Ingrid and Alexa were with us the entire meeting and they were so truly excited to hear our thoughts and find out how to reach out to new families.   I've never participated in anything like this before, so I wasn't sure what I could do.  Ingrid asked us what could we each contribute to the group. In my  head I was thinking I don't know! What can I contribute?? There were so many things that people had in common and yet such wide spread differences as well. One of the dads has created a wonderful resource to help other parents in dealing with insurance companies, fire, police, etc.  I think what he has created can and will help SO many other parents in similar situations! One thing that I didn't quite expect to feel was how different our situation is to most others.

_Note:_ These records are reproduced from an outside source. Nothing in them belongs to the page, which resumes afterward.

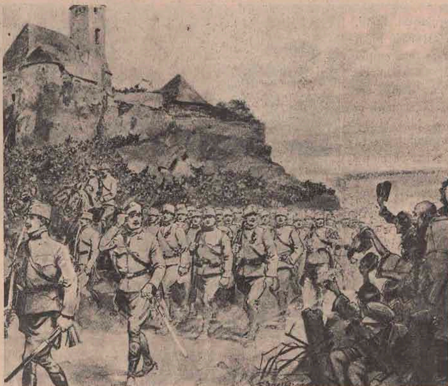
Vedere de pe câmpul de luptă din Polonia rusească: După ce trupele rusești s'au retras, trupele noastre austro-ungare intră în orașul Walbron, fiind primite de populația polonă cu aclamații, — căci Polonii, își nădăjduesc liberarea după ce trupele noastre vor rămâne definitiv învingătoare asupra celor rusești.
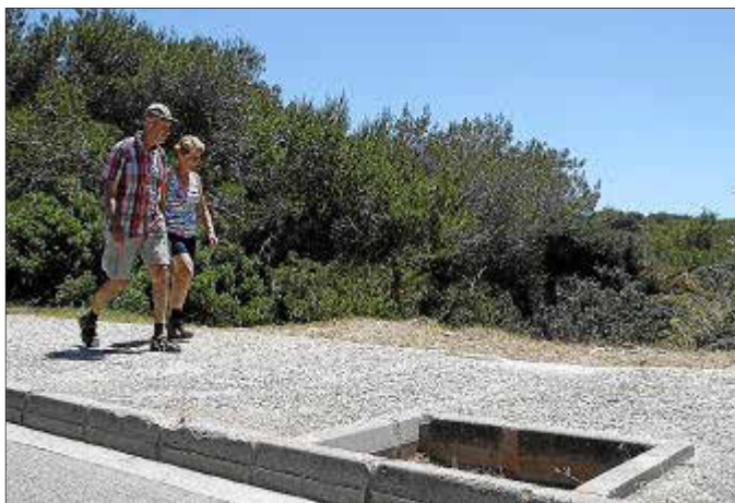
Dos turistas pasean por una acera sin baldosas ni arbolado en la urbanización de Cala Blanca.

▶ La encuesta de PIME detecta una mejoría en la limpieza de las playas, pero empeora el vallado de solares y faltan aparcamientos
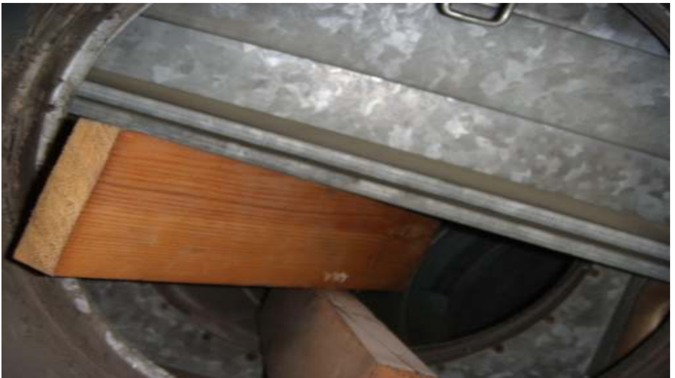
KUVA 13. Yleiskuva päärakennuksen ilmastointikanavan palopelistä.
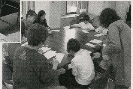
家族で楽しむ俳句教室 (12月)
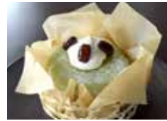
伊勢茶のババロア
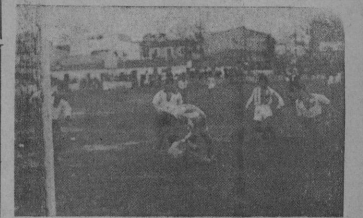
ESTA FOTO NO ES DE LISBOA: ES UN GRAVE MOMENTO FRENTE A LA META DEL ALCOYANO EN SON CANALS

gentinas los portugueses oponen un juego sucio, abusando en las zancadillas que el árbitro no sanciona. Los dos muestran cierto malhumor ante la superioridad técnica de sus contrarios. En una ocasión, el árbitro se acerca a la meta para ayudar a Barriaga a levantarse y éste le aleja airado empujándole con el
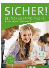
Sicher! C1.1 Kurs- und Arbeitsbuch

I have a dear friend that has several children that are medically fragile. I've heard all that she deals with, but yet that's not our daily life. Most of the parents I met deal with very similar situations on a daily basis.  It was really hard for me to relate and made me wonder if I was right for the group! I honestly had not thought about that part of this journey! What is rare? What does it really mean?



1. (of an event, situation, or condition) not occurring very often: "a rare genetic disorder" synonyms: infrequent, scarce, sparse, few and far between, thin on the ground, ...

All of our kids and the patients ARE rare, but yet they are all so different. I've always felt that when people look at Issac they don't see anything "different", "rare", etc.  Beyond Issac's size and facial features I think most people look at him as an "average" kid. I wouldn't call him medically fragile, but yet we have still faced many of the same situations these families have. When you look at a doctor's visit summary we have half a page + of things listed that Issac is dealing with. We might not be able to truly understand the feeling of having your child hospitalized multiple times, but yet we can understand searching for years for answers. We've known for almost 10 years that something was "different" and going on in Issac's life. We do have some answers now after spending a week at Duke and yet in some ways the search is still going on. We now have to learn what our information means. We've wanted answers for years, but yet in some ways we still don't have much.   I've gotten to the point where when we test I'm not counting the days for results. I think after you don't get answers for so long you start to feel that way. When we do gets answers now I'm excited, but currently those answers don't change our life. At some point we may get information that will change Issac's future or we'll need to plan differently, but for now our current plan is working. 

As one parent said we are now a club and it's nice to be in that club with others that understand. I'm excited to be able to reach out to others and help them digest the information they get. Even if your child doesn't have the same gene, syndrome, disease, etc. every parent still wants that person that can understand them in a way that many of their friends and family members can't.